Updated June 23rd, 2020 at 22:51 IST

Iconic restaurants adapt to lockdown in SAmerica

Fine dining has been forced to reinvent itself in Latin America as social distancing measures prevent restaurants from serving clients in person. In Argentina, the Don Julio steakhouse ranked 34th on San Pellegrino's list of the world's top restaurants last year.

| Image:self
Advertisement

Fine dining has been forced to reinvent itself in Latin America as social distancing measures prevent restaurants from serving clients in person. In Argentina, the Don Julio steakhouse ranked 34th on San Pellegrino's list of the world's top restaurants last year.

Now it has become a butcher's shop that delivers cuts of organic beef to customers around Buenos Aires.

Chef Pablo Rivero says he prefers to sell raw cuts of his prized beef to stuffing his dishes into takeout boxes and compromising their quality. The butcher's business has helped him to avoid laying off staff.

The virus has punished the industry severely as sales plummet and restaurant owners are stuck with fixed costs like rent. That's prompted some places to reinvent themselves in order to stay afloat.

"This helps us to stretch our funds," Rivero said.

In Colombia, inside a refurbished colonial home, diners at Leo feasted on set menus of at least 12 courses.

A past menu included a thin slice of Pirarucu fish from the Amazon wrapped in its own skin and a bite-size portion of Caribbean duck stew, served on a purple corn tortilla and topped with edible flowers.

But dining at Leo has been banned since mid-March, when Colombia started to enforce social distancing measures. So chef Leonor Espinosa now uses her restaurant's kitchen to make takeout dishes like pork-belly tacos that are cheaper to make and easier to carry in cardboard boxes.

Espinosa, who has been forced to lay off about half of her staff, says "we've created a take-away brand that is more suited to the current needs of the market."

Some famous restaurants have had to cease operations altogether while they ride out the storm.

Elsewhere in Latin America, where the market economy prevails, many restaurants are going under.
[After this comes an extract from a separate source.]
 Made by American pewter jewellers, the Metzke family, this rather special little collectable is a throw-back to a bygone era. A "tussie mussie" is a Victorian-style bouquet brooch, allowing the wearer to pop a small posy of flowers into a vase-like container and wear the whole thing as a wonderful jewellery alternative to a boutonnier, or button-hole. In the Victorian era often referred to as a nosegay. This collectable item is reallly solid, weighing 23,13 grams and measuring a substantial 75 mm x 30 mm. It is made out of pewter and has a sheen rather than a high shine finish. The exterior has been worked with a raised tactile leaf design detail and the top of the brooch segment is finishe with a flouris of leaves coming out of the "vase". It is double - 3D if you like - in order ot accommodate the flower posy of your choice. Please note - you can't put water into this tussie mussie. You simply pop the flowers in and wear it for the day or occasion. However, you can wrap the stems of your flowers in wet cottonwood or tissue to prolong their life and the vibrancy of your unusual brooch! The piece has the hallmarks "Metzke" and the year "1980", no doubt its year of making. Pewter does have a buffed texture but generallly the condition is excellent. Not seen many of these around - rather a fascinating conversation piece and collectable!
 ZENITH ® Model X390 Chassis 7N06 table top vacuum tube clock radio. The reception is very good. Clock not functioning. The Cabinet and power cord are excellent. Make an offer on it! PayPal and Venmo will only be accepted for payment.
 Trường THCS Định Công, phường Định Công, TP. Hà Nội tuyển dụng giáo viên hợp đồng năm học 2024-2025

Guillermo Gomez, the director of Colombia's restaurant association, says that by the end of May, 27,000 of the country's 90,000 restaurants had shut down for good as they struggled to  pay rent, salaries and public services with little income. Gomez said that sales from takeout have failed to make up for revenue lost from in-person service.

Restaurants have also struggled to secure loans as the government provides little clarity on when they will be able to host customers again, or under which rules.
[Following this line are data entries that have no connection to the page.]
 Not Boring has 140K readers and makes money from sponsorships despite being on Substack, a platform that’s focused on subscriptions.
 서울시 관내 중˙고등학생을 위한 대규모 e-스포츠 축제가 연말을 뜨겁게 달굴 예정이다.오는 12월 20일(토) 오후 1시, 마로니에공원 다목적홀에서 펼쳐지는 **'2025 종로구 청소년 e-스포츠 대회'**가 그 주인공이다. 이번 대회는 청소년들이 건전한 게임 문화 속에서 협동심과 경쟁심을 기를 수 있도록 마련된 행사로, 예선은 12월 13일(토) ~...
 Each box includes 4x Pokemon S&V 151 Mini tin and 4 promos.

Those with some savings continue to soldier on with smaller staff, while elite eateries prepare for a more austere future.

Espinosa says that she might be "less rigid" when her restaurant can once again resume in-person service, and may offer a la carte options along with her elaborate tasting menu.

But she says she will continue to make experimental dishes with exotic ingredients from remote corners of Colombia. "We will continue to connect people with territories."